Immigrant Kids Cry for Their Parents in Stomach-Churning Audio Obtained From Detention Center

Up until now, the information has been limited to tweets from reporters and interviews with people who have been inside the facilities. Immigration officials have been strict about keeping cameras out of the facilities, and barring journalists touring the detention centers from taking photos.

Now, we have a better glimpse of what life is like for the children forced to stay in these warehouses, behind chainlink fences, through the sound of their cries. On Monday, ProPublica published audio recorded at an immigration detention center last week. The file was recorded by an anonymous source, and obtained by ProPublica through a civil rights attorney.

In the recording, you can hear children wailing and crying for their mothers and fathers. Then, an unnamed U.S. Customs and Border Patrol agent says this:

The baritone voice of a Border Patrol agent booms above the crying. “Well, we have an orchestra here,” he jokes. “What’s missing is a conductor.”

Read that again, and think about what would compel someone to make such a comment about the sound of inconsolable children—alone, terrified, with no idea where their parents are.

Here is the audio ProPublica obtained. Warning: it is extremely disturbing.

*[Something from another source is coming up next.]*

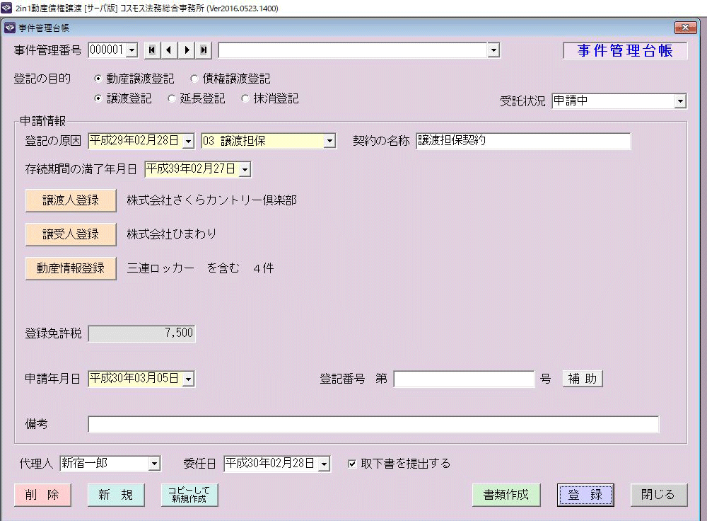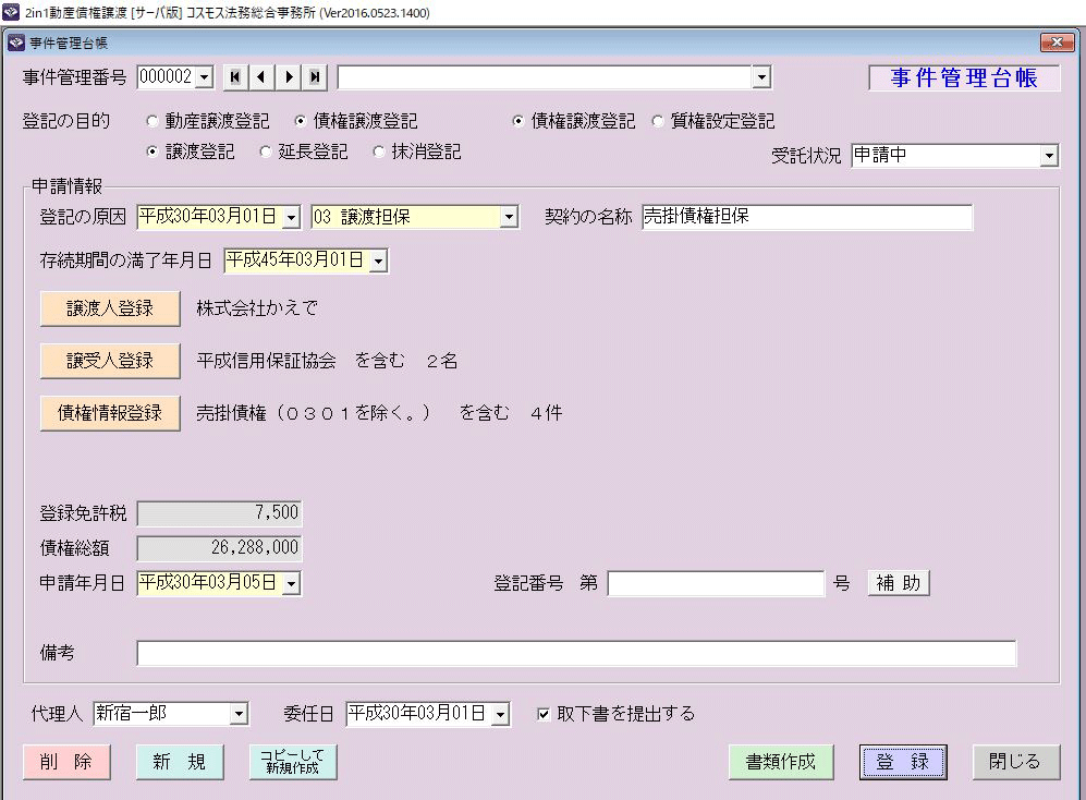 以前に行った登記について延長登記や抹消登記を行う場合、過去に入力した事件を検索して、いつでもコピー/編集でデータを有効にお使い頂くことができます。

ProPublica’s source said the children in the recording are between the ages of 4 and 10, and had been detained for less than 24 hours. Their pain is raw. They are “inconsolable” (emphasis added):

Then a distraught but determined 6-year-old Salvadoran girl pleads repeatedly for someone to call her aunt. Just one call, she begs anyone who will listen. She says she’s memorized the phone number, and at one point, rattles it off to a consular representative. “My mommy says that I’ll go with my aunt,” she whimpers, “and that she’ll come to pick me up there as quickly as possible.”

ProPublica dialed the number the Salvadoran girl recited in the audio, and was able to speak with the girl’s aunt.

The child who stood out the most was the 6-year-old Salvadoran girl with a phone number stuck in her head. At the end of the audio, a consular official offers to call the girl’s aunt. ProPublica dialed the number she recited in the audio, and spoke with the aunt about the call.
“It was the hardest moment in my life,” she said. “Imagine getting a call from your 6-year-old niece. She’s crying and begging me to go get her. She says, ‘I promise I’ll behave, but please get me out of here. I’m all alone.’”

It is excruciating to listen to the sound of these children, crying for their parents, gasping for air between cries (I only made it two minutes into the video before having to stop). But it is still crucial to keep paying attention to these young children’s pain, and not to give in to the urge to minimize it. It’s crucial not to obey the mental defense mechanisms that want us to sugarcoat what is happening here, or simply to inure ourselves against it

Don’t tune this out. Don’t get numb. Keep listening. Whatever pain you experience in listening to the recording is valid. It is also a fraction of what the children in the recording are going through right now.